Доктор, низкорослый, светлокожий, безволосый, встревоженно сморщился.
— Вам следовало бы быть у себя в каюте, сударь… опасность инфекции… вам нельзя было контактировать ни с кем, кроме меня, я две недели проходил дезинфекцию — и все зря, будь он проклят, этот капитан! Пожалуйста, пройдите со мной, сударь. Спросят-то с меня…
Шевек заметил, что человечек расстроен. Он не ощущал ни сожаления, ни сочувствия; но даже в том абсолютном одиночестве, в котором он находился, продолжал действовать один-единственный закон, тот единственный закон, который он когда-то признавал. Он сказал: «Хорошо» — и встал.
У него все еще кружилась голова и болело правое плечо. Он понимал, что корабль движется, но ощущения движения не было; была только мертвая тишина, полная, абсолютная тишина, начинавшаяся сразу же за стенами. По безмолвным металлическим коридорам доктор провел его в комнату.
Комната
Он сел на кровать, похожую на полку, равнодушно глядя на доктора; ему хотелось спать, голова все еще немного кружилась. Он понимал, что должен бы чувствовать любопытство: ведь этот человек — первый уррасти, которого ему довелось увидеть. Но он слишком устал. Ему хотелось откинуться назад и тут же заснуть.
Всю предыдущую ночь он не спал, разбирая свои бумаги. Три дня назад он проводил Таквер с детьми в Мир-и-Изобилие и с тех пор все время был занят, то бегал в радиобашню для последних переговоров с Уррасом, то обсуждал планы и возможности с Бедапом и остальными. И все эти, заполненные спешкой, дни у него было такое чувство, что не он управляет своими действиями, а они — им. Он был в руках других. Его собственная воля бездействовала. Ей и не нужно было действовать. Ведь это его собственная воля положила начало всему этому, она создала эту минуту и эти стены, которые его окружают сейчас. Давно ли? Годы назад. Пять лет назад, в безмолвии ночи в Чакаре, в горах, когда он сказал Таквер: «Я поеду в Аббенай и разрушу стены». И даже до этого; в Пыли, в годы Голода, в годы отчаяния, когда он дал себе слово отныне всегда поступать только по своему собственному свободному выбору. Это-то обещание и привело его сюда — в этот миг, лишенный времени, в это место, лишенное земли, в эту маленькую комнатку, в эту тюрьму.
Доктор кончил осматривать его ушибленное плечо (Шевек не мог понять, откуда взялся этот ушиб: он был слишком взвинчен и слишком спешил, чтобы воспринимать происходившее на посадочной площадке, и даже не почувствовал, что в него попал камень) и повернулся к Шевеку; в руках у него был шприц.
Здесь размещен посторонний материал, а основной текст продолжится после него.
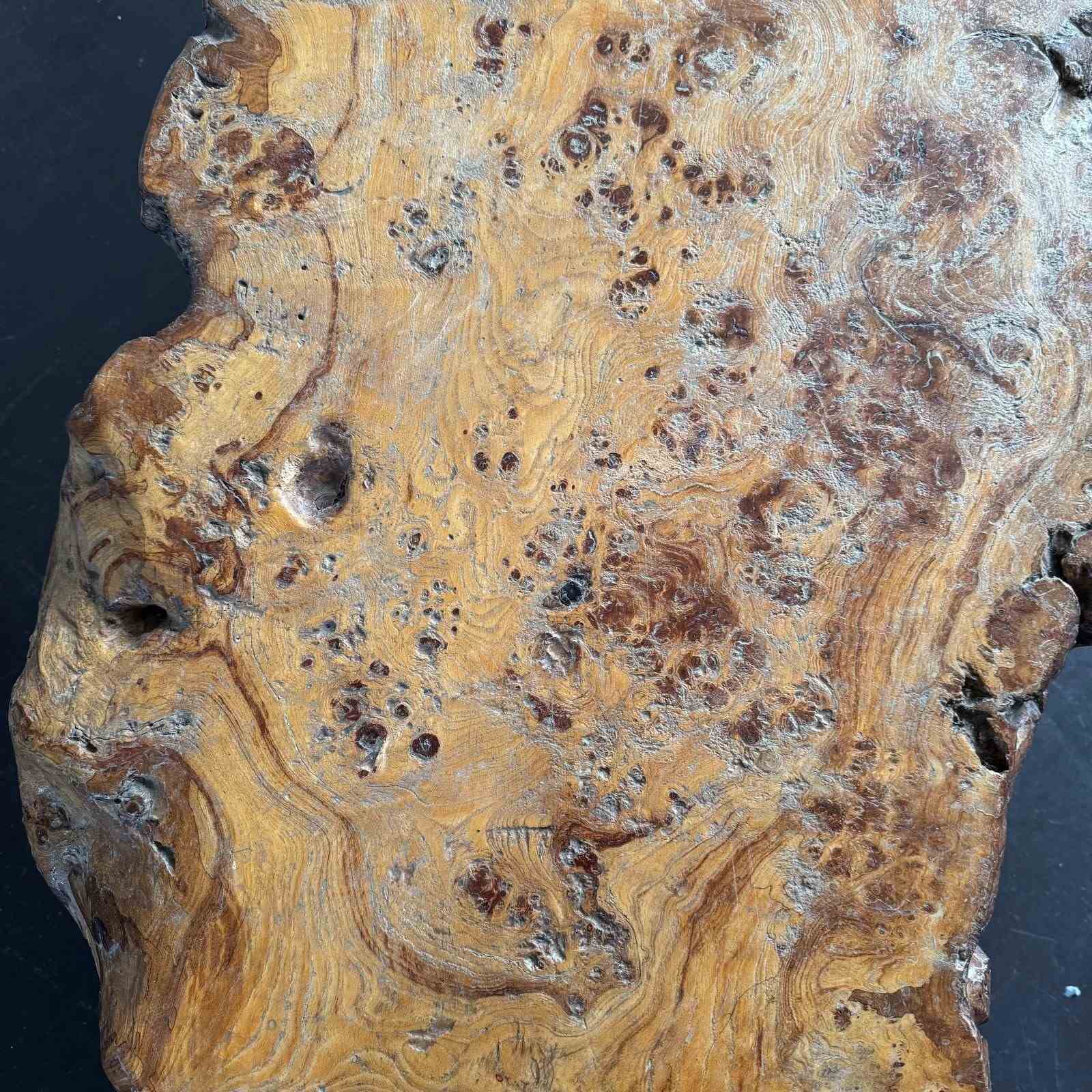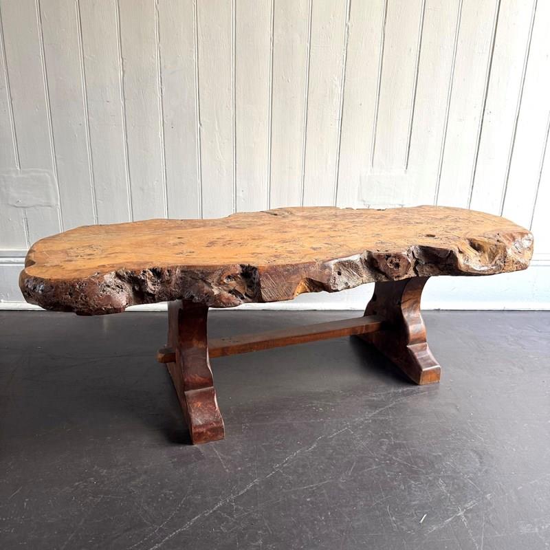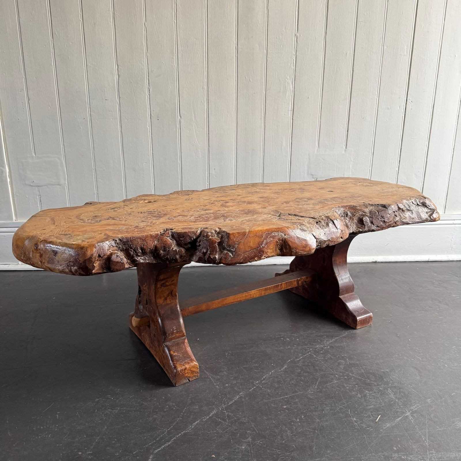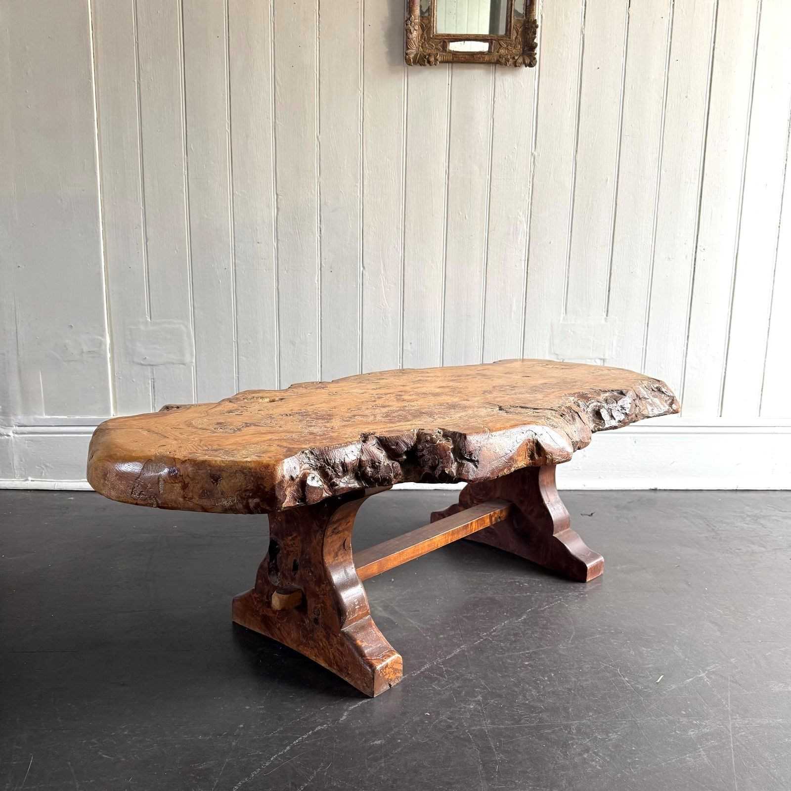 A large mid century burr elm coffee table on a stretcher base. Lovely colour. France
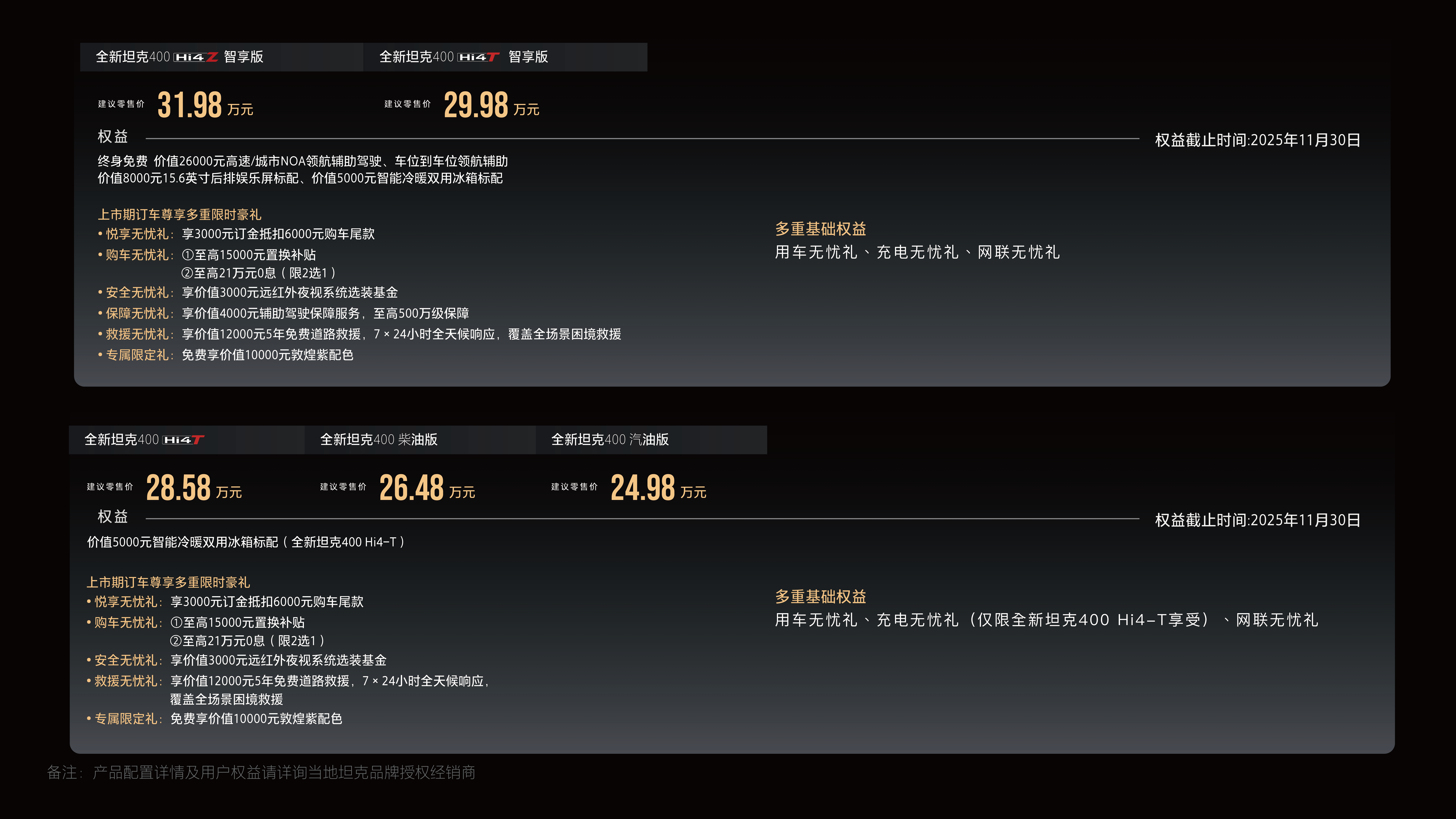 | 售價(jià)24.98萬(wàn)元起 全新坦克400正式上市 |
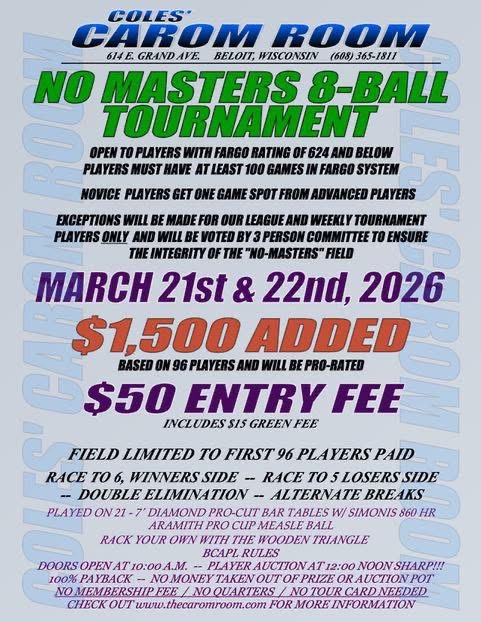 3/21-22 Singles 8-ball, Max 624, Carom Room, Beloit
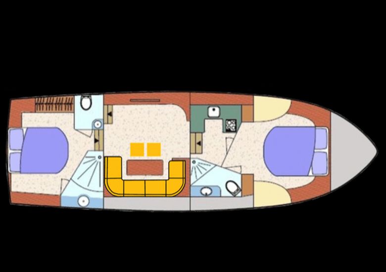 De Florien Elite is een licht ingericht jacht met twee hutten en een praktische indeling. De buitenruimte met loungebank maakt het een fijne keuze voor wie ook buiten wil genieten.
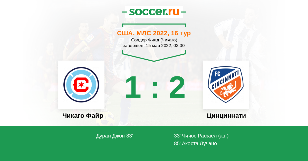 | Чикаго Файр | 20:21 | 11:13 | 9:8 |
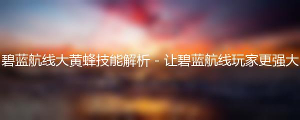 碧蓝航线大黄蜂技能解析 - 让碧蓝航线玩家更强大
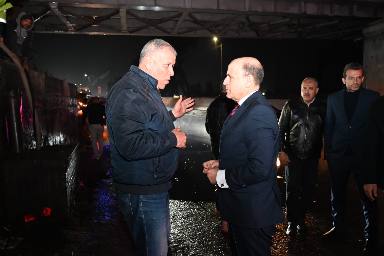 حرص المحافظ خلال جولته الليلية تحت الأمطار الغزيرة على توجيه التحية لفرق الطوارئ وموظفي النظافة، مشيدًا بتفانيهم في العمل رغم الظروف الجوية الصعبة، ومؤكدًا أن جهودهم تعكس التزام المحافظة بخدمة المواطنين والتعامل الفوري مع تداعيات الطقس السيئ.
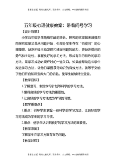 五年级心理健康教案:带着问号学习.docx

— Мне не нужно это, — сказал Шевек. Он говорил по-иотийски медленно и, как он понял по радиопереговорам, с плохим произношением, но грамматически довольно правильно; ему было труднее понимать, чем говорить.
— Это противокоревая прививка, — сказал доктор с профессиональной глухотой.
— Нет, — сказал Шевек.
Доктор на секунду прикусил губу и спросил:
— Вы знаете, что такое корь, сударь?
— Нет.
— Болезнь. Заразная. У взрослых часто протекает тяжело. У вас на Анарресе ее нет; когда планета заселялась, меры профилактики не допустили ее туда. На Уррасе она широко распространена. Она может вас убить. Так же, как и десяток других распространенных здесь вирусных инфекций. У вас нет иммунитета. Вы левша, сударь?
Шевек машинально кивнул. С ловкостью фокусника доктор вонзил иглу в его правую руку. Шевек молча стерпел и эту инъекцию, и многие другие. Он не имел права ни на подозрения, ни на возражения. Он сам отдал себя в руки этим людям; он сам отказался от своего неотъемлемого права решать самому. Оно ушло от него, покинуло его вместе с его миром, миром Обещания, бесплодным камнем.
Доктор снова заговорил, но он его не слушал.
Уже много часов или дней он существовал в пустоте, в безжизненном и горестном вакууме без прошлого и будущего. Эти стены сдавили его. За ними стояла мертвая тишина. Плечи и ягодицы у него болели от уколов; у него был жар, который так и не стал достаточно сильным для бреда, но удерживал его где-то на границе между здравым рассудком и безумием, на ничьей земле. Время не шло. Времени не существовало. Временем был он и только он. Он был той рекой, той стрелой, тем камнем. Но он двигался. Брошенный камень неподвижно завис в средней точке. Не было ни дня, ни ночи. Иногда доктор выключал свет или включал его. В стену у кровати были вделаны часы; их стрелка бессмысленно двигалась по циферблату от одной из двадцати цифр к другой.